------ Data excerpts ------
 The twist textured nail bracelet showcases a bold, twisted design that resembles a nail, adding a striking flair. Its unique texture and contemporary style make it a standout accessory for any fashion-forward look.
------
------ Data excerpts ------
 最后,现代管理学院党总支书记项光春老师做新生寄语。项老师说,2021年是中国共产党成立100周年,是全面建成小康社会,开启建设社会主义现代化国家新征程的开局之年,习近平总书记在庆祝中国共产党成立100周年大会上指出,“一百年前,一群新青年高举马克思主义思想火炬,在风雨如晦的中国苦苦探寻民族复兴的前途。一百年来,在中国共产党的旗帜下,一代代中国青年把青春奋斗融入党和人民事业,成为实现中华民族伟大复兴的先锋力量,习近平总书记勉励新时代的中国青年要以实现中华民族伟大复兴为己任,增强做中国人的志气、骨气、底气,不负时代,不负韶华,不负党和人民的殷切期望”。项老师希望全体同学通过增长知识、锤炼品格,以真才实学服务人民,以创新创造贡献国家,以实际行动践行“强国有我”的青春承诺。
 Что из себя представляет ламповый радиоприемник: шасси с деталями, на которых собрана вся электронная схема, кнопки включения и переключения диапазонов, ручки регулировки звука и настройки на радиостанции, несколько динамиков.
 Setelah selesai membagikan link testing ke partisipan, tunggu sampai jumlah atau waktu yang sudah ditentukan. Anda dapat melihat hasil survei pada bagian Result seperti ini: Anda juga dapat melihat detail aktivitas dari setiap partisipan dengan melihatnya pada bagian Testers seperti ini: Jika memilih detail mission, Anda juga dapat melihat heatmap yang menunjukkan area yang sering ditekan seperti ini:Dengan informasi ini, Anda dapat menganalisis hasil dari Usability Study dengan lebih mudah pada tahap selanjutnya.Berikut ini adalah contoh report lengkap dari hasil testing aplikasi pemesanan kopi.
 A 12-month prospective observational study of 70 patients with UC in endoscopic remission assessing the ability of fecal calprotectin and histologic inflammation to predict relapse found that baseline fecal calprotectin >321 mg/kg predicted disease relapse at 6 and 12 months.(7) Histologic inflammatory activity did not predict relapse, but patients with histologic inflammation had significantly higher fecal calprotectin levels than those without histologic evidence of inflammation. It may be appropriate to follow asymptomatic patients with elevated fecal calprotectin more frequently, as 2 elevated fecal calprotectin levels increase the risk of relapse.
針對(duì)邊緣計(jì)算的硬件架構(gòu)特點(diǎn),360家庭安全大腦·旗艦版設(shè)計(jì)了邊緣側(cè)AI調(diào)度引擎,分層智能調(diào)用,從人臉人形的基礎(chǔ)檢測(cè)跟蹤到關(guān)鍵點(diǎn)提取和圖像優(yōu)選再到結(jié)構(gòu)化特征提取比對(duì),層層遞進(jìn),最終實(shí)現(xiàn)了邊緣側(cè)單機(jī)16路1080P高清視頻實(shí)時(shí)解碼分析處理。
------
------ Data excerpts ------
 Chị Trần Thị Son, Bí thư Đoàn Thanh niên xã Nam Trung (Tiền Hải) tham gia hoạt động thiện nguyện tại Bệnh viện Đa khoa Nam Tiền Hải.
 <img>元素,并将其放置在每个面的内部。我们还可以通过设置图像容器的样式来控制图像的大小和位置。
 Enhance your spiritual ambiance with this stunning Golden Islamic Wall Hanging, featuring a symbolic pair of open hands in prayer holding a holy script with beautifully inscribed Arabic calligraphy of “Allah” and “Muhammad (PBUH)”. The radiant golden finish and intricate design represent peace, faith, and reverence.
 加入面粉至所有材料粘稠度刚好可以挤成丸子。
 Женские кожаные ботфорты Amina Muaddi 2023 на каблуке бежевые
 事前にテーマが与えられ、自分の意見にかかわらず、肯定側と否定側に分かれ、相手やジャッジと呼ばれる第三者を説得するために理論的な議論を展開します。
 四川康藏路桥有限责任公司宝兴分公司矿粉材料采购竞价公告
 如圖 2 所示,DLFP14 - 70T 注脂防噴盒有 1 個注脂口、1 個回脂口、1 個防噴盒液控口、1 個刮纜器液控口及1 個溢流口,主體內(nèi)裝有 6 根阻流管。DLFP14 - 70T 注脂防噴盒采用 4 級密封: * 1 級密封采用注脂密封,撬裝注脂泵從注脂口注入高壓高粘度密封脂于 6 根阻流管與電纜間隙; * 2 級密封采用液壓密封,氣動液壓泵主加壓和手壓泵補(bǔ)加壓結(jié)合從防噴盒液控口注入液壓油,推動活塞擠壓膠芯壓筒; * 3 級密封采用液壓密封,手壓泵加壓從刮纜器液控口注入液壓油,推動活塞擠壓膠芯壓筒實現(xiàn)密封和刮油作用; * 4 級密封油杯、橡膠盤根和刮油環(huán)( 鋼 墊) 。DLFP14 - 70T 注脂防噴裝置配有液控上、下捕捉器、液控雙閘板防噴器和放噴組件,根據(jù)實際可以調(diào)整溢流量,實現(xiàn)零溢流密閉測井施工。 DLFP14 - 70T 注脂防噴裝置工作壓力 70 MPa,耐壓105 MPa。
------
Return the span of lines in the data above that opens at the line with "Женские кожаные ботфорты" and closes at the line with "如圖 2 所示,DLFP14", exactly, ends included, nothing else.

■ **Solution to this exercise**:
 Женские кожаные ботфорты Amina Muaddi 2023 на каблуке бежевые
 事前にテーマが与えられ、自分の意見にかかわらず、肯定側と否定側に分かれ、相手やジャッジと呼ばれる第三者を説得するために理論的な議論を展開します。
 四川康藏路桥有限责任公司宝兴分公司矿粉材料采购竞价公告
 如圖 2 所示,DLFP14 - 70T 注脂防噴盒有 1 個注脂口、1 個回脂口、1 個防噴盒液控口、1 個刮纜器液控口及1 個溢流口,主體內(nèi)裝有 6 根阻流管。DLFP14 - 70T 注脂防噴盒采用 4 級密封: * 1 級密封采用注脂密封,撬裝注脂泵從注脂口注入高壓高粘度密封脂于 6 根阻流管與電纜間隙; * 2 級密封采用液壓密封,氣動液壓泵主加壓和手壓泵補(bǔ)加壓結(jié)合從防噴盒液控口注入液壓油,推動活塞擠壓膠芯壓筒; * 3 級密封采用液壓密封,手壓泵加壓從刮纜器液控口注入液壓油,推動活塞擠壓膠芯壓筒實現(xiàn)密封和刮油作用; * 4 級密封油杯、橡膠盤根和刮油環(huán)( 鋼 墊) 。DLFP14 - 70T 注脂防噴裝置配有液控上、下捕捉器、液控雙閘板防噴器和放噴組件,根據(jù)實際可以調(diào)整溢流量,實現(xiàn)零溢流密閉測井施工。 DLFP14 - 70T 注脂防噴裝置工作壓力 70 MPa,耐壓105 MPa。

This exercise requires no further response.